Description
In cases where the optimizer chooses to do index multi-probing for an IN list (DERBY-47), the presence of a LIKE condition whose argument is a parameter marker leads to an ASSERTion failure with sane jars. With insane jars, the same query returns incorrect results (it only returns rows matching the first argument in the IN list).
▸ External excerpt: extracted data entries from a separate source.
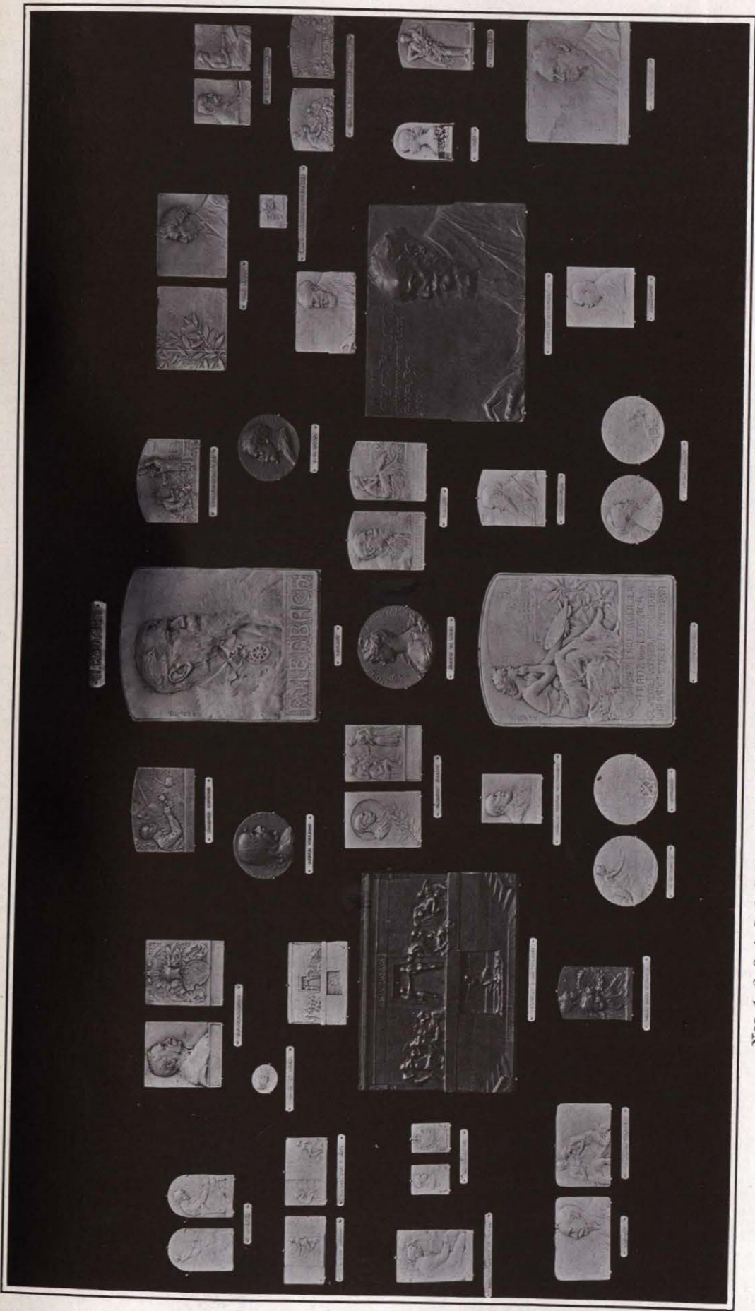
Nos. 1, 2, 3, 4, 5, 6, 7, 8, 9, 10, 11, 12, 13, 14, 15, 16, 17, 18, 19, 20, 21, 22, 23, 24, 25, 26, 27, 28, 29
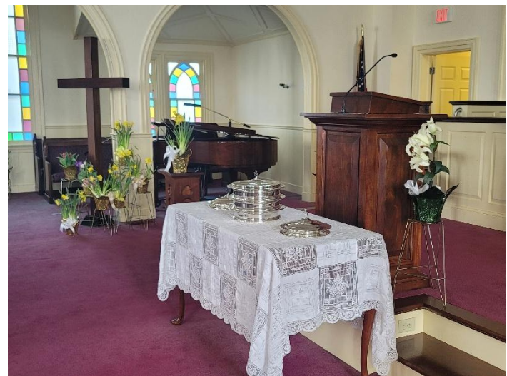
Beautiful lilies and daffodils fill the sanctuary on Easter morning
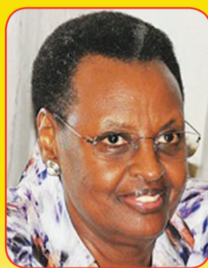
Hon. Janet Kataha Museveni Minister of Karamoja Affairs
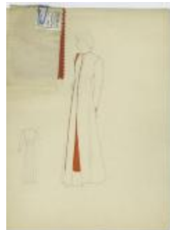
Floor-Length Evening Coat or Housecoat (KA0067_000156)
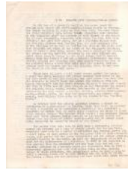
#69 Preston City Congregational Church (Coll. 003 Fold. 063 Doc. 020)
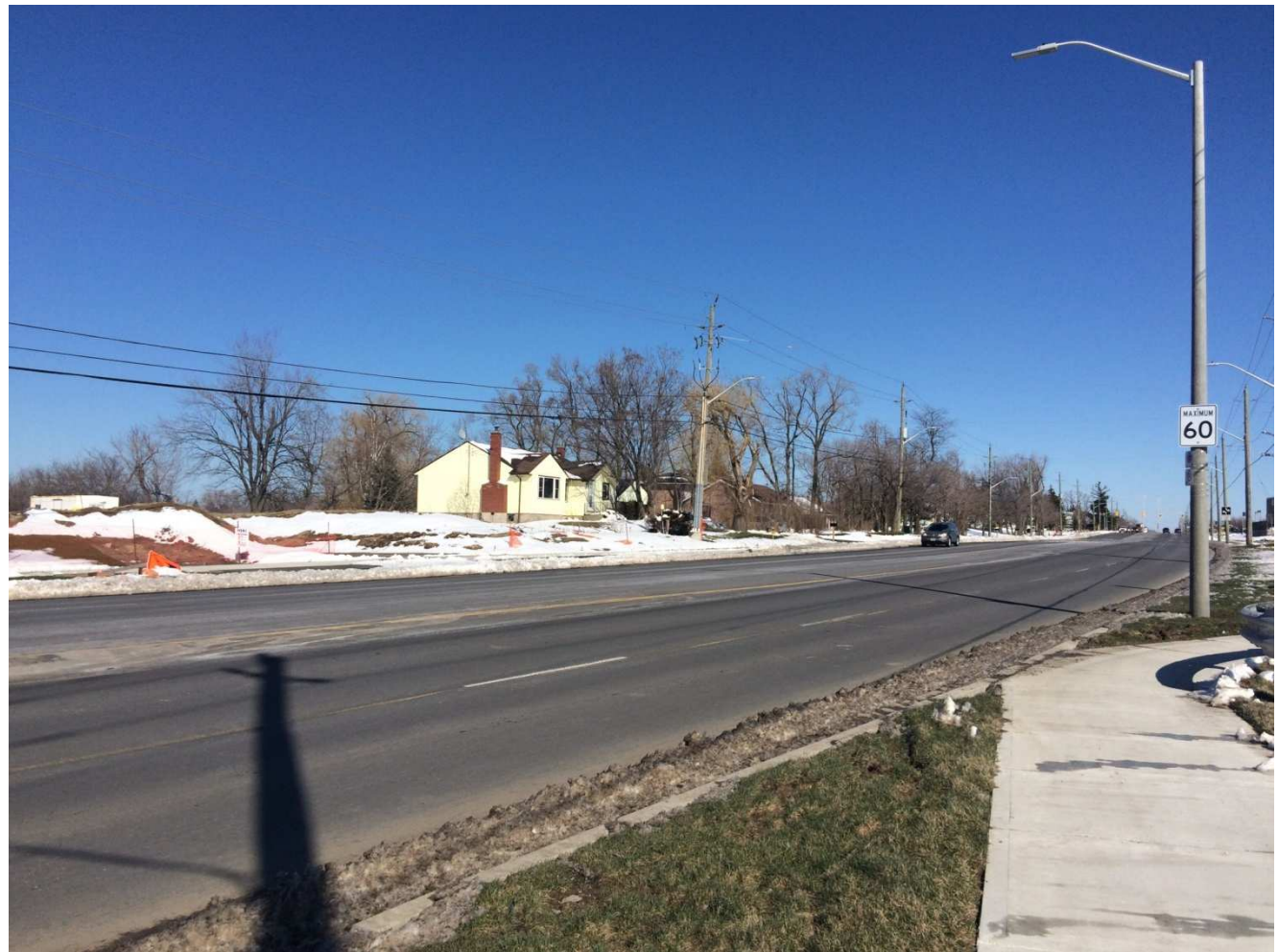
Photo 5 – Photo of the Existing Dwellings located to the North East of the Subject Property as seen from Rymal Road East looking North East.

As an example, if we have the following DDL:
create table ct (i int, c1 char(25), c2 char(40));
insert into ct values 1, 2, 3, 4, 5, 6, 7, 8, 9;
insert into ct values 0, 10, 11, 12, 13, 14, 15, 16, 17, 18, 19;
insert into ct select 7 * i from ct;
insert into ct select 13 * i from ct;
update ct set c1 = cast(i as char(25));
update ct set c2 = c1 || c1;
create index idx2 on ct (c1, c2);
Then we see the following results:
– This one works.
select i,c1,c2 from ct where c1 in ('1','2') and c2 like '%' order by i;
– These all work, too.
prepare p1 as 'select i,c1,c2 from ct where c1 in (''2'',''1'') and c2 like ''%''';
execute p1;
prepare p1 as 'select i,c1,c2 from ct where c1 in (?,?) and c2 like ''%''';
execute p1 using 'values (''1'', ''2'')';
– But these all fail. Something about having a parameter in the LIKE is triggering the assertion...
prepare p1 as 'select i,c1,c2 from ct where c1 in (?,?) and c2 like ? order by i';
execute p1 using 'values (''1'', ''2'', ''%'')';
prepare p1 as 'select i,c1,c2 from ct where c1 in (?,?) and c2 like ?';
execute p1 using 'values (''1'', ''2'', ''%'')';
prepare p1 as 'select i,c1,c2 from ct where c1 in (''2'',''1'') and c2 like ?';
execute p1 using 'values (''%'')';
prepare p1 as 'select i,c1,c2 from ct where c1 in (''2'',?) and c2 like ?';
execute p1 using 'values (''1'', ''%'')';
The actual assertion is thrown because multiprobing expects the start and stop keys to be same value. But something about the LIKE parameter violates that expectation:
ERROR XJ001: Java exception: 'ASSERT FAILED All multi-probing result sets are expected to have a single key that is both the start key AND the stop key, but that is not the case.: org.apache.derby.shared.common.sanity.AssertFailure'.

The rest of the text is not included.